She threw out her hands scornfully.
"They told me in Paris that you were a genius!" she exclaimed. "Cannot you feel, then, when a thing is urgent? Do you not know it without being told? You must meet me with a carriage at the stage door in forty minutes. We sup in Hamilton Place with Andrea Korust and his brother."
"With whom?" Peter asked, surprised.
"With the Korust Brothers," she repeated. "I have just been talking to Andrea. He calls himself a Hungarian. Bah! They are as much Hungarian as I am!"
Peter leaned slightly against the table and looked thoughtfully at his companion. He was trying to remember whether he had ever heard anything of these young men.
"Mademoiselle," he said, "the prospect of partaking of any meal in your company is in itself enchanting, but I do not know your friends, the Korust Brothers. Apart from their wonderful music, I do not recollect ever having heard of them before in my life. What excuse have I, then, for accepting their hospitality? Pardon me, too, if I add that you have not as yet spoken as to the urgency of this affair."
She turned from him impatiently, and, throwing herself back into the chair from which she had risen at his entrance, she began to exchange the thick woollen stockings which she had been wearing upon the stage for others of fine silk.
"Oh, la, la!" she exclaimed. "You are very slow, Monsieur le Baron.

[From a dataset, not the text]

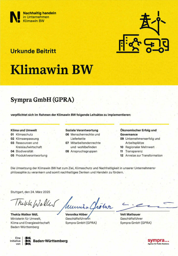 Neben den Maßnahmen, die wir realisiert haben, um unsere Emissionen weiter zu senken – unter anderem konnten wir unsere Firmenflotte weiter elektrifizieren – haben wir auch Einblicke in die Themen gegeben, die uns im letzten Berichtsjahr beschäftigt haben. Denn wir sind auch in anderen Bereichen aktiv: Regionales Engagement und Nachwuchsförderung gehören bei Sympra genauso zu einem nachhaltigen Wirtschaften dazu wie Anreize für Transformationen zu schaffen, egal ob gemeinsam mit unseren internationalen Partneragenturen oder etwa bei künstlicher Intelligenz.

It is, perhaps, my stage name which has misled you. I am Marie Lapouse.
Does that convey anything to you?"
"A great deal," Peter admitted, quickly. "You stand very high upon the list of my agents whom I may trust."
"Then stay here no longer," she begged, "for my maid waits outside, and I need her services. Go back and make your excuses to your wife. In forty minutes I shall expect you at the stage door."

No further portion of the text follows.